Итак, в первую очередь, типы, используемые лингвистикой, являются формальными, то есть основанными на различиях в языковой форме. «Морфологическими», как их принято называть, они являются лишь в переносном смысле. И этот образ тоже черпает свою чувственную основу не конкретно из сходства языковых форм с органическими тканями, а в более широком смысле из аналогии языковых форм со структурой, которая, подобно этим тканям, а также тысячам других, строится из данного вещества. Сходство с органическими тканями в целом со структурами материально-механической природы проваливается еще быстрее, чем аналогия с искусно построенными материальными структурами. Ведь человеческая речь зависит не только от непроизвольных, но и от телеологически действующих причин, от целей внутреннего, рассудочного представления, а также общения нашей духовной жизни. Уже по одной этой причине интерпретация этих типов как «физиологических» у Pотта столь же неудачна.
Деление языков на формальные типы происходит частично от внешней, частично от внутренней лингвистической формы. Лингвисты предпочитают называть те формальные типы, которые основаны на внешней языковой форме, морфологическими. При этом возникло мнение, что деления по внешней и внутренней языковой форме правильнее разделять как «морфологические» и «психологические». Но очевидно, что в отношении второго члена, после того, что было сказано выше об обоих типах лингвистической формы, эта версия столь же непонятна, как и после того, что только что было сказано в отношении первого. Более того, Фридрих Мюллер, родоначальник этого различия, не мог назвать «непоследовательностью» то, что, начиная с внешней формы языка, «учитывается» уже отношение языка к мышлению. Скорее, такое рассмотрение неизбежно вытекает из контекста вопроса.
Из различий во внешней форме языка были выведены различные типы. Уитни думает о специфическом делении на изолирующие и инфлективные языки. Старое деление на бесфлективные, утвердительные (вместе взятые: неорганические) и инфлективные или органические языки, которое можно проследить до братьев Шлегель, основано на повторяющихся противоречивых дихотомиях. В ней явно прослеживается влияние спекулятивной натурфилософии. Фактически с ним связано троякое деление Уитни на изолирующие и флективные языки, последние – на агглютинативные и флективные языки (1) в более узком смысле. Это тоже производное трехчленное деление, т.е. построенное из дихотомий, но в нем более четкие конкретные двучлены заняли место неясных состязательных. Логически независимые трихотомии Боппа и Шлейхера обязаны своим происхождением этим производным трипартизмам. Первая, разделяя единые в остальном семитские и индоевропейские языки, делит их на моносиллабические, составные и модификационные; вторая дает широко распространенную схему изолирующих, агглютинативных и флективных языков. Из нормативного трехстороннего деления, четырехстороннее деление Pотт выводит на:
1) нормальное, т.е. собственно флективное;
2) изолирующие и
3) агглютинативные, т.е. коллективно интранормативные; и
4) транснормальные, т.е. инкорпорирующие или, как их еще называют, полисинтетические языки.

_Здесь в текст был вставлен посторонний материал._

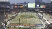 The 2012 New Era Pinstripe Bowl was a post-season American college football bowl game held on December 29, 2012 at Yankee Stadium in the New York City borough of The Bronx in the United States. The third edition of the Pinstripe Bowl began at 3:15 p.m. EST and aired on ESPN. It featured the West Virginia Mountaineers from the Big 12 Conference against the Big East Conference co-champion Syracuse Orange and was the final game of the 2012 NCAA Division I FBS football season for both teams. Both the Orange and the Mountaineers advanced to the game after accomplishing 7–5 records in the regular season.
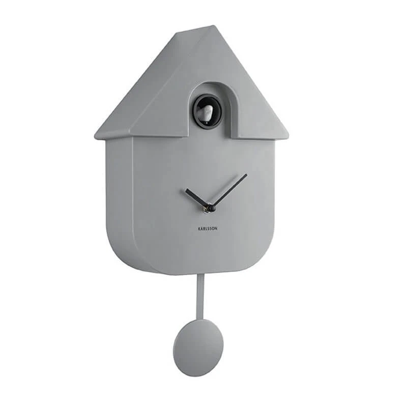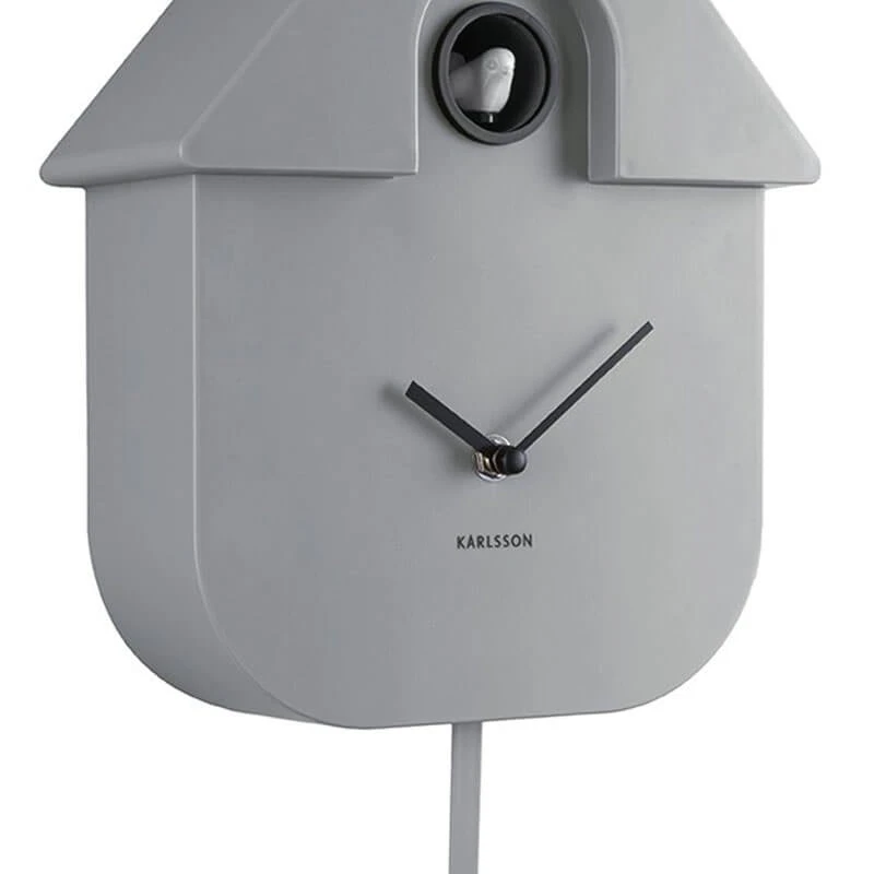 This retro style cuckoo clock offers a modern twist to make a statement piece in your home. Crafted in a classic mouse grey with contrasting black hands for a minimalist look.

Логически эти формальные типы характеризуются прежде всего тем, что они должны указывать, как мы можем сказать, на наиболее общие «чертежи», которые могут быть взяты из грамматической структуры неравнозначных больших языковых групп в настоящее время. В этом отношении они родственны рассмотренным выше типам Кювье, но с самого начала с тем ограничением, что мы имеем дело здесь с грамматическими, а не морфологическими конструктивными формами, и в том преобразовании, что вместо фиксированных различий тех типов, здесь существует текучая связь, которая приводит к типам в нашем смысле. Это абстрактные, схематические представления об основных формах внешней, грамматической структуры языков, то есть о тех отношениях, которыми слова языков отличаются от своих гипотетических корней. Морфологические типы Кювье, кроме того, были задуманы их создателем без серийной связи; позднее такая связь была им приписана. Здесь, с другой стороны, возникает спор о том, связаны ли формальные типы, как предполагают некоторые из вышеприведенных делений, в серии, и если да, то как они должны быть упорядочены по возрастанию или убыванию. Вполне вероятно, как мы увидим, что такая связь отсутствует.